Supplied records:
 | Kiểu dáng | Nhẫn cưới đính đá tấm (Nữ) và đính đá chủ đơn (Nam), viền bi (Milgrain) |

==

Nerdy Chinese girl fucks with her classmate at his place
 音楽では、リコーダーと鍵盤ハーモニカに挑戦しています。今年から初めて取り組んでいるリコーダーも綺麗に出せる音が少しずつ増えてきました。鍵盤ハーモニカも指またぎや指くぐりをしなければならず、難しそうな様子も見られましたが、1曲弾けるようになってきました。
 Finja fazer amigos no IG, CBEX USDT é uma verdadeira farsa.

About this task: Copy exactly the stretch of data above from the line with "Nerdy Chinese girl" through the line with "Finja fazer amigos", and omit all other lines.

Expected answer:
Nerdy Chinese girl fucks with her classmate at his place
 音楽では、リコーダーと鍵盤ハーモニカに挑戦しています。今年から初めて取り組んでいるリコーダーも綺麗に出せる音が少しずつ増えてきました。鍵盤ハーモニカも指またぎや指くぐりをしなければならず、難しそうな様子も見られましたが、1曲弾けるようになってきました。
 Finja fazer amigos no IG, CBEX USDT é uma verdadeira farsa.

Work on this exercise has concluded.